2017-10-10 Thread Petr Jelinek
On 10/10/17 17:22, Aleksander Alekseev wrote:
> Hi Petr,
> 
>> let me start by saying that my view is that this is simply a
>> documentation bug. Meaning that I didn't document that it does not work,
>> but I also never intended it to work. Main reason is that we can't
>> support the semantics of "UPDATE OF" correctly (see bellow). And I think
>> it's better to not support something at all rather than making it behave
>> differently in different cases.
>>
>> Now about the proposed patch, I don't think this is correct way to
>> support this as it will only work when either PRIMARY KEY column was
>> changed or when REPLICA IDENTITY is set to FULL for the table. And even
>> then it will have very different semantics from how it works when the
>> row is updated by SQL statement (all non-toasted columns will be
>> reported as changed regardless of actually being changed or not).
>>
>> The more proper way to do this would be to run data comparison of the
>> new tuple and the existing tuple values which a) will have different
>> behavior than normal "UPDATE OF" triggers have because we still can't
>> tell what columns were mentioned in the original query and b) will not
>> exactly help performance (and perhaps c) one can write the trigger to
>> behave this way already without impacting all other use-cases).
> 
> I personally think that solution proposed by Masahiko is much better
> than current behavior.


Well the proposed patch adds inconsistent behavior - if in your test
you'd change the trigger to be UPDATE OF v instead of k and updated v,
it would still not be triggered even with this patch. That's IMHO worse
than current behavior which at least consistently doesn't work.
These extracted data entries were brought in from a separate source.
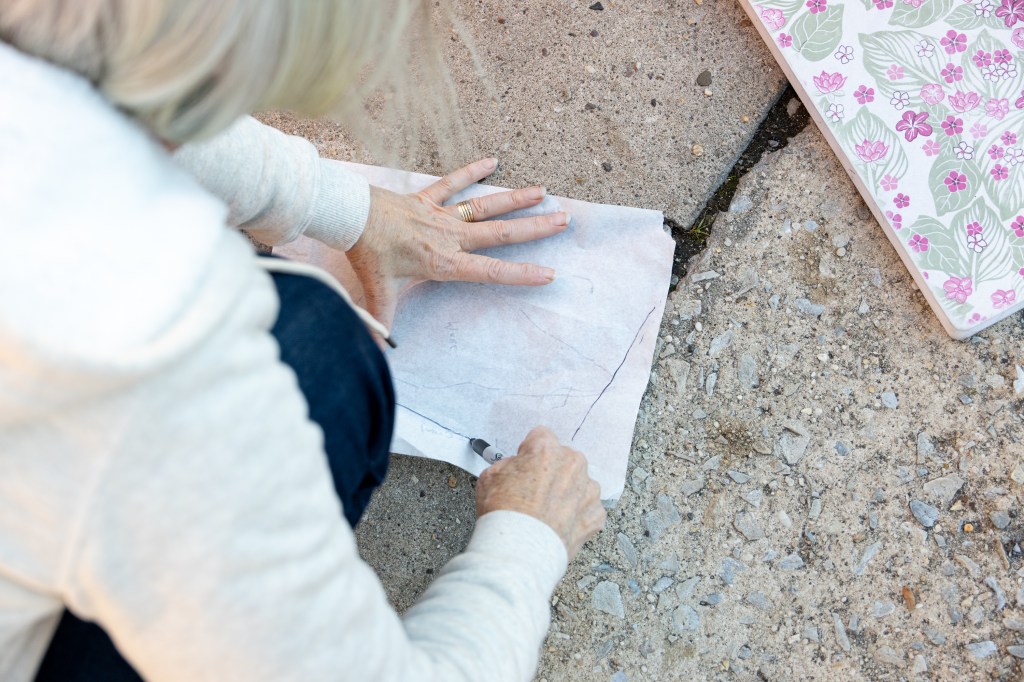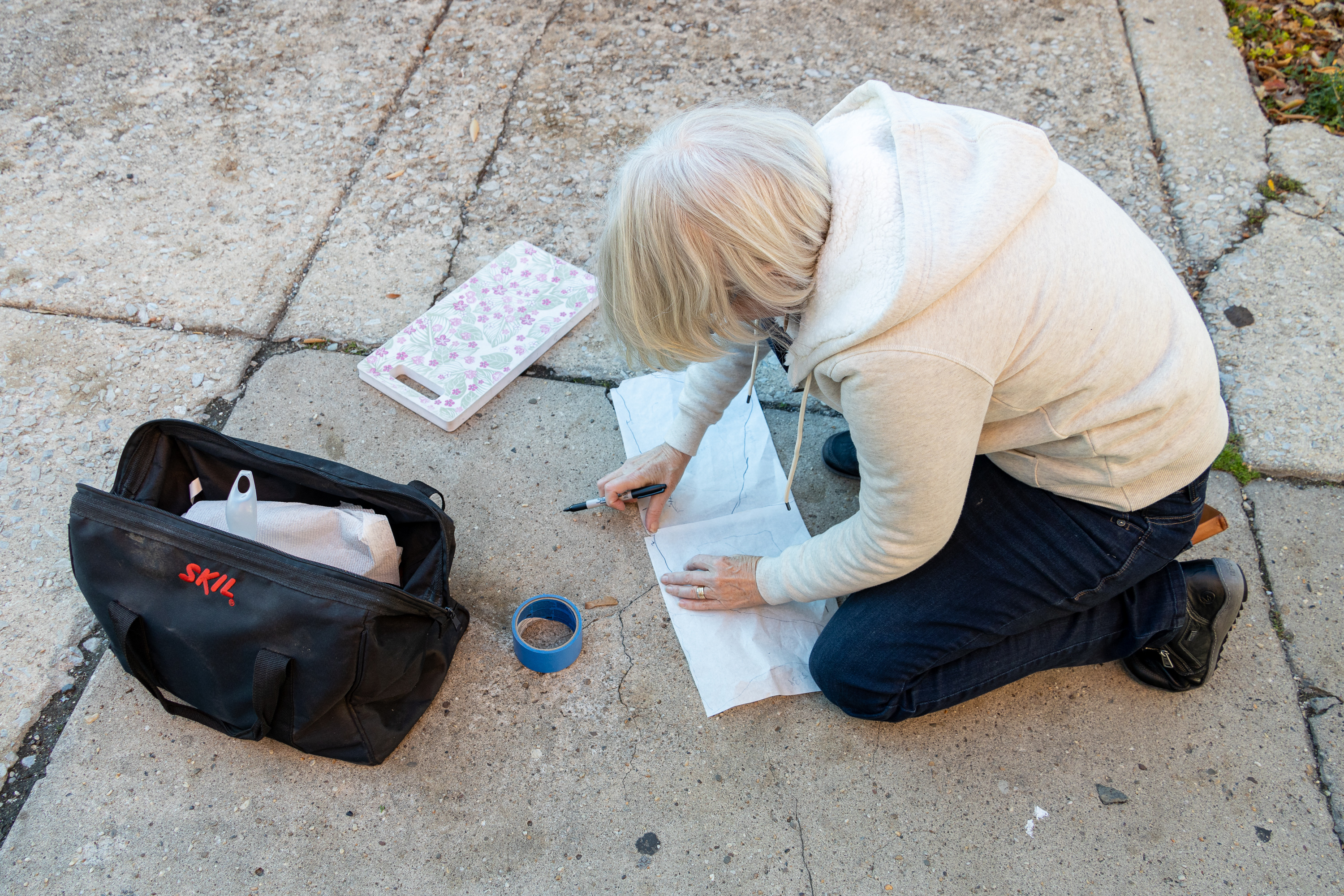 It turns out that the artist behind these repairs didn’t have a name for herself when she started making them. Nevertheless, with a little DMing, I managed to find her on Instagram! She told me the exact locations of several cracks she had filled, and when I went out to photograph them, by sheer luck, I ran into her! After chatting a little, she showed me the first step in her process—making a rough outline of the crack that needs filling. Using the outline, she can go back to her studio to lay down her design on a mesh mosaic backing cut to the exact shape of the hole.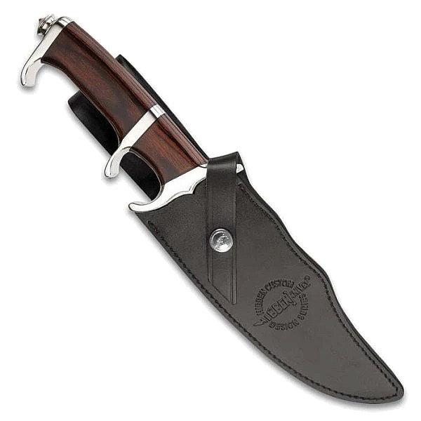 Pěkný bojový nůž, který využijete i při běžných aktivitách jakými jsou kempování a lehká turistika. Čepel z nerezové ocele 5Cr15MoV má dutý výbrus a výrazné břicho, díky čemuž skvěle řeže. Krásný design doplňuje rukojeť ze dřeva darkwood, které má krásnou kresbu, a nerezová záštita a hlavice.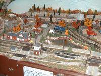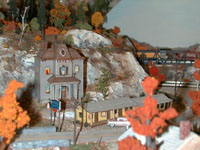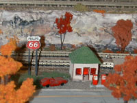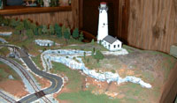 I have been model railroading for just a little over 3 years and Missouri Pacific is my favorite road name followed by Santa Fe. When I was little we lived in Veterans housing, about 30 yards from the Mo. Pacific tracks. Those steam locomotives and newer diesels, were a part of everyday life. I saw them everyday and heard them every night. When I would visit my grandpa, he would take me to a local shopping area, and we would have to cross a railroad track. The crossing gates were operated manually by the man in the signal shack. At the time, I thought that he had the best job in the world. I also had a uncle that had a terrific H.O. layout and I promised myself that someday I would build one too. Half a century later, after taking my eldest grandson to a GATS show, he held me to my promise. N scale was my choice because of the economy of space it allows. Change-over era, steam to diesel, would be my choice. My favorite part of the hobby is landscaping. My home layout is a fictional Missouri town I call Silver Falls, along route 66. Local industries include coal mining, a quarry and a small chemical plant. My track configuration is not representational of the actual MO-PAC lines that ran through my neighborhood. Three of the business structures are however, as close to the original buildings as I could remember them. These buildings were located at the Bates St. crossing and so I decided to add the "Bates Motel and mansion" just for laughs. My first module was inspired by a trip to Wisconsin. The lighthouses and Kettle Moraine glacial deposits were the bass for this module. March 7, 2001 |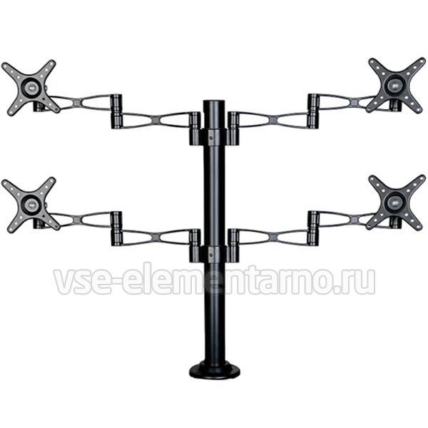 Настольный наклонно-поворотный кронштейн для четырёх мониторов с диагональю до 24 дюймов включительно с регулировкой по высоте.

> We could document current limitations you've
> mentioned and probably add a corresponding warning during execution of
> ALTER TABLE ... ENABLE REPLICA TRIGGER. I don't insist on this
> particular approach though.
> 
> What I really don't like is that PostgreSQL allows to create something
> that supposedly should work but in fact doesn't. Such behavior is
> obviously a bug. So as an alternative we could just return an error in
> response to ALTER TABLE ... ENABLE REPLICA TRIGGER query for triggers
> that we know will never be executed.
> 

Well ENABLE REPLICA is not specific to builtin logical replication
though. It only depends on the value of session_replication_role GUC.
Any session can set that and if that session executes SQL the UPDATE OF
triggers will work as expected. It's similar situation to statement
triggers IMHO, we allow ENABLE REPLICA statement triggers but they are
not triggered by logical replication because there is no statement. And
given that UPDATE OF also depends on statement to work as expected (it's
specified to be triggered for columns listed in the statement, not for
what has been actually changed by the execution) I don't really see the
difference between this and statement triggers except that statement
trigger behavior is documented.

I understand that it's somewhat confusing and I am not saying it's
ideal, but I don't see any other behavior that would work for what your
test tries to do and still be consistent with rest of the system.

-- 
  Petr Jelinek  http://www.2ndQuadrant.com/
  PostgreSQL Development, 24x7 Support, Training & Services


-- 
Sent via pgsql-hackers mailing list (pgsql-hackers@postgresql.org)
To make changes to your subscription:
http://www.postgresql.org/mailpref/pgsql-hackers


[HACKERS] Re: [BUGS] 10.0: Logical replication doesn't execute BEFORE UPDATE OF trigger

2017-10-10 Thread Aleksander Alekseev
Hi Petr,

> let me start by saying that my view is that this is simply a
> documentation bug. Meaning that I didn't document that it does not work,
> but I also never intended it to work. Main reason is that we can't
> support the semantics of "UPDATE OF" correctly (see bellow). And I think
> it's better to not support something at all rather than making it behave
> differently in different cases.
> 
> Now about the proposed patch, I don't think this is correct way to
> support this as it will only work when either PRIMARY KEY column was
> changed or when REPLICA IDENTITY is set to FULL for the table. And even
> then it will have very different semantics from how it works when the
> row is updated by SQL statement (all non-toasted columns will be
> reported as changed regardless of actually being changed or not).
> 
> The more proper way to do this would be to run data comparison of the
> new tuple and the existing tuple values which a) will have different
> behavior than normal "UPDATE OF" triggers have because we still can't
> tell what columns were mentioned in the original query and b) will not
> exactly help performance (and perhaps c) one can write the trigger to
> behave this way already without impacting all other use-cases).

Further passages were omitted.